- [EXERCISE DATA]
Start of Block

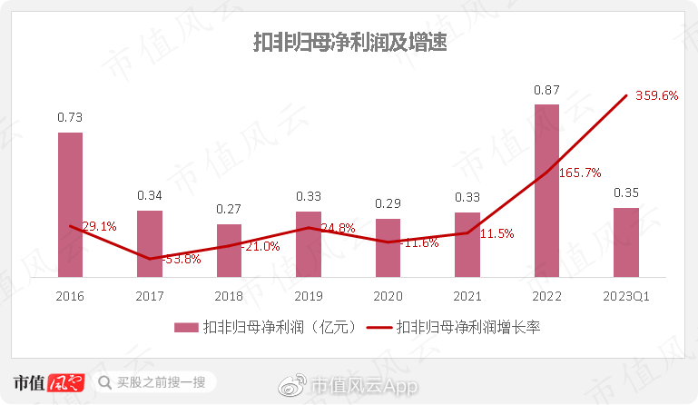 近两年,利润情况也表现较好。2022年扣非归母净利润增速达到165.7%,2023年一季度同比增长359.6%。
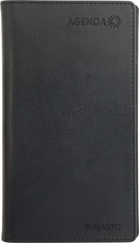 Ajasto Agenda 2026 taskukalenteri on todellinen klassikko. Kalenterissa on tyylikkäät mustat keinonahkakannet. Se kulkee helposti mukana, on kooltaan juuri sopiva ja toimii erinomaisesti päivittäisessä käytössä.
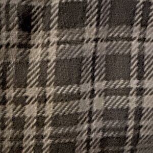 Outdoor-wear Eddie Bauer Boyfriend Relaxed Straight Leg Jeans in medium wash Gray with Gray Plaid Flannel Lining for winter warmth. 5 Pocket Denim Low rise, Cotton Poly Spandex stretch for fit and comfort.
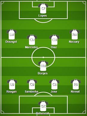 NorthEast United FC Probable Starting XI: TP Rehenesh, Nirmal, Jose, Sambinha, Reagan, Borges, Diaz, Doungel, Marcinho, Narzary, Lopes.
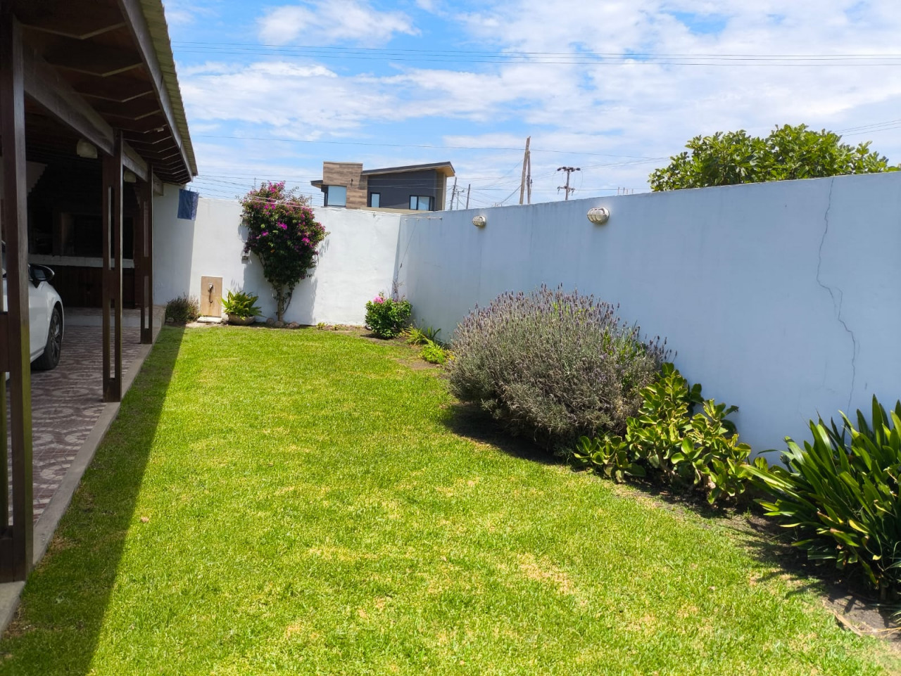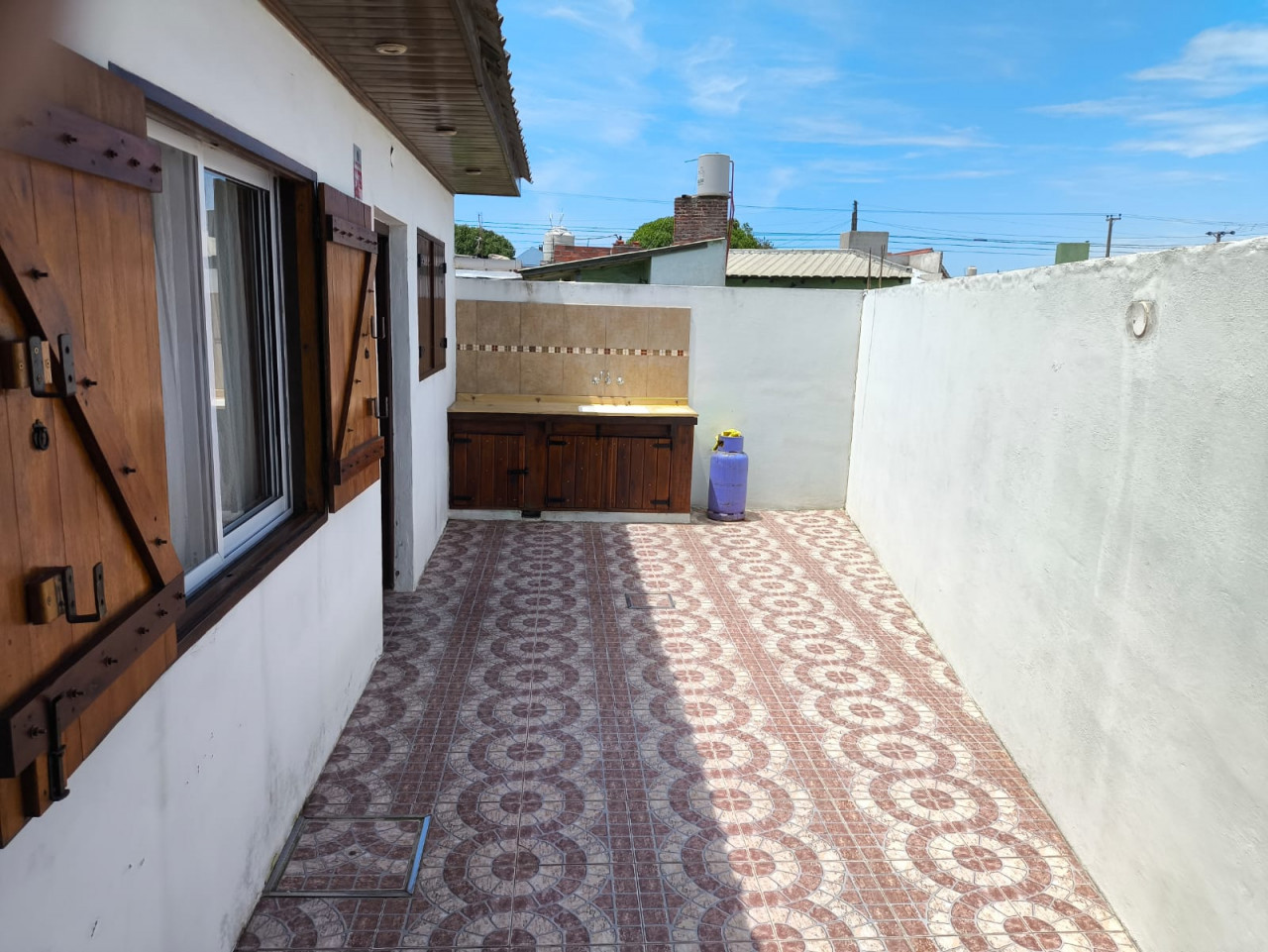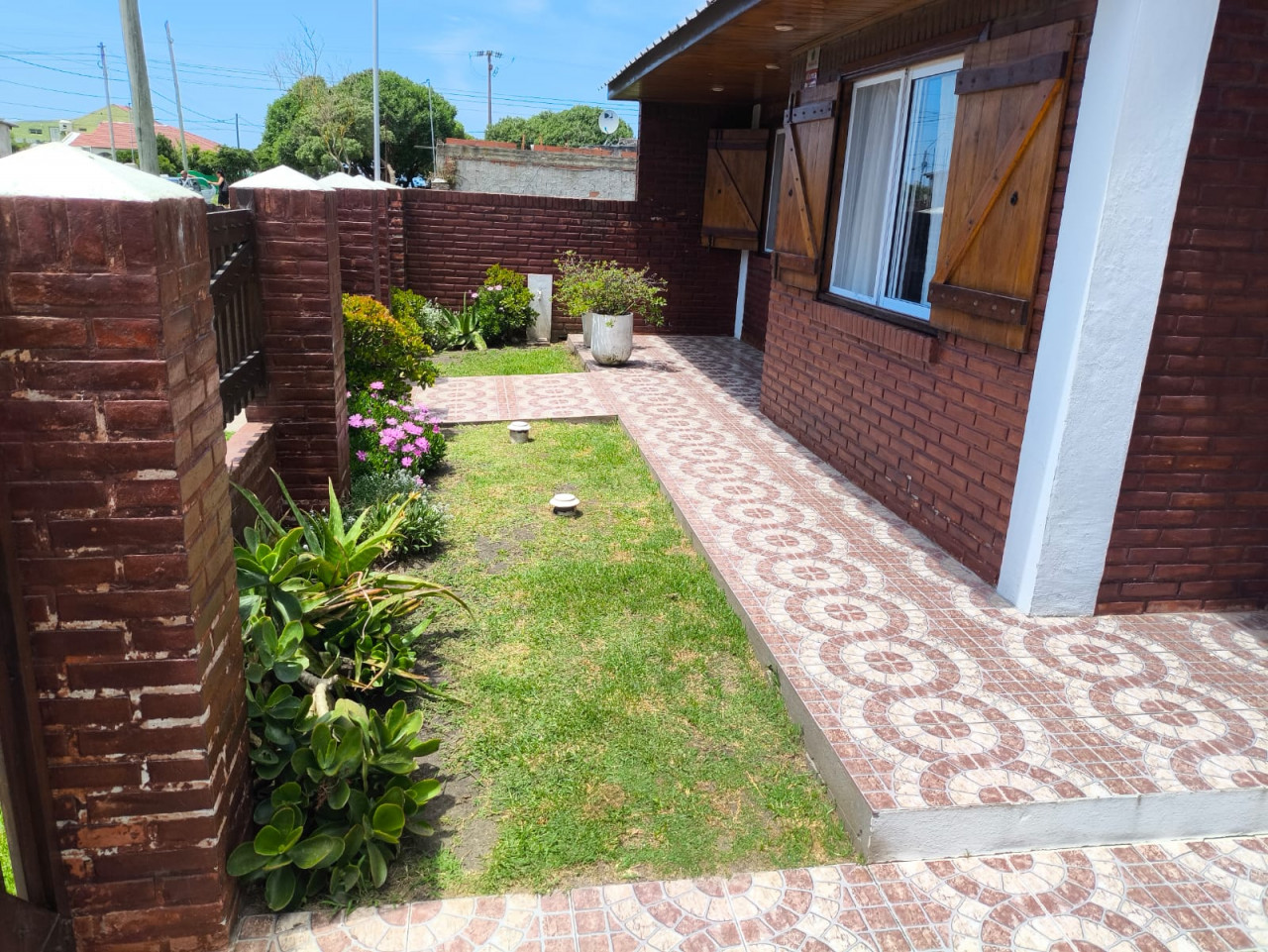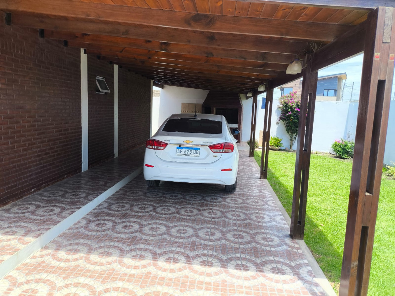 Exterior: sobre la línea municipal, pilares de mampostería y rejas de madera, puerta de acceso peatonal y portón vehicular, cochera cubierta con cielorraso de madera a la vista con buenos tirantes, capacidad para dos autos; a continuación, parrilla con mesada, bacha y leñero. Jardín.

End of Block

- [TASK DETAILS] Word for word, restate the records shown above, minus the pictures.

- [WRITTEN SOLUTION]
 近两年,利润情况也表现较好。2022年扣非归母净利润增速达到165.7%,2023年一季度同比增长359.6%。
 Ajasto Agenda 2026 taskukalenteri on todellinen klassikko. Kalenterissa on tyylikkäät mustat keinonahkakannet. Se kulkee helposti mukana, on kooltaan juuri sopiva ja toimii erinomaisesti päivittäisessä käytössä.
 Outdoor-wear Eddie Bauer Boyfriend Relaxed Straight Leg Jeans in medium wash Gray with Gray Plaid Flannel Lining for winter warmth. 5 Pocket Denim Low rise, Cotton Poly Spandex stretch for fit and comfort.
 NorthEast United FC Probable Starting XI: TP Rehenesh, Nirmal, Jose, Sambinha, Reagan, Borges, Diaz, Doungel, Marcinho, Narzary, Lopes.
 Exterior: sobre la línea municipal, pilares de mampostería y rejas de madera, puerta de acceso peatonal y portón vehicular, cochera cubierta con cielorraso de madera a la vista con buenos tirantes, capacidad para dos autos; a continuación, parrilla con mesada, bacha y leñero. Jardín.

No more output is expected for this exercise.